Salon is in financial trouble. They started a premium service to get more money, but still offer a lot of content for free. I guess if more people subscribed as premium members, this would not be an issue. If they need to do this to stay afloat, then that's their business. Salon is a great site, and I'm personally willing to put up with a few ads. I just hope they keep going.
``It's less intrusive than the pop-unders. It's not creating a new window and it gives the consumer a choice. They can click it and go to the story,'' said Jupiter Media Metrix analyst Marissa Gluck.
And the other choice, presumably, is to utter a hearty "fuck you" and never go back to salon.com again?
Salon has been trying to find new ways to make money, the jump-through ads are much less annoying than the pop-ups, IMHO. Not much different than commercials on TV. You have the option to subscribe to Salon if you want to avoid them, just as you have the option to subscribe to HBO if you'd like commercial-free programs (though HBO does not offer a commercial channel, so you either pay up or do without the Sopranos...)
Everything can't be free. I'd rather have the click-through ads than pop-ups. Actually, I like Salon enough that I bucked up the yearly subscription fee, though it really doesn't offer so much more than the regular Salon.
Deal with the ads, stop bitching or don't be surprised when Salon goes under like so many other Webzines.
It's worth it, gets you access to additional features, and you aren't annoyed by ads.

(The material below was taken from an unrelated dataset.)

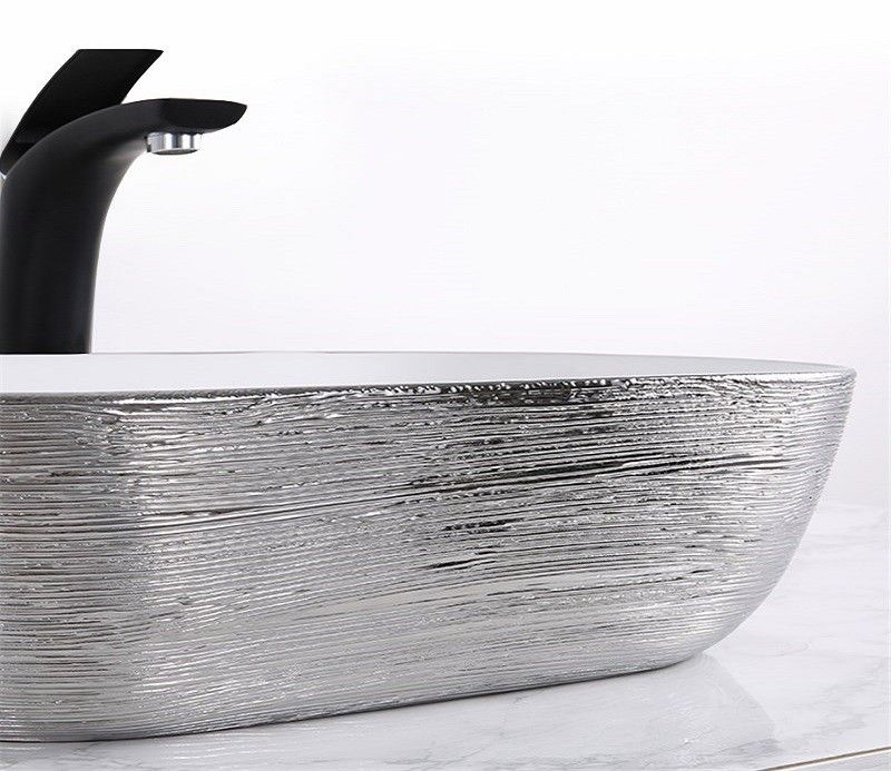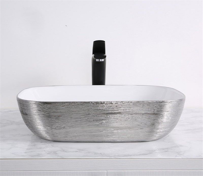 Раковина CeramaLux D1333H131 бело-серая 46 смПодходит для ванных комнат различной планировки в современном стиле и отличается стильной и изящной формой.Материал: санфаянс.В комплекте поставки: раковина.

As a side benefit, you support one of the best sources of online journalism.
If you only read the occasional article, then don't bother, but don't complain about the ads. If you read all the time, then why haven't you signed up yet?
I follow the like to the Yahoo! page talking about bad advertising tactics, what happens? One of them damn X-10 camera adds pops-up. Geesh...
I'm not a prophet or a stone-age man,
I'm just a mortal with potential of a super man.
There were ads.
Then there were filters.
Then there were pop up ads, pop-under ads, and ads that pop up when you close the browser.
Then new filters were devised for these as well.
Now we have jumpthrough ads.
What we have is a continuing battle, geek against geek, for control of the eyes of the content-hungry Netizen.
Of course, all arms races are a bad thing. Eventually, this one will lead to more and more intrusive advertising and more and more destructive anti-advertising.
The solution is to de-escalate the arms race.
How do you do that?
Well, stop filtering the ads. Read them and click the ones that you are interested in as compared to the other ads.
Even if you are not interested in any of them, click the least offensive.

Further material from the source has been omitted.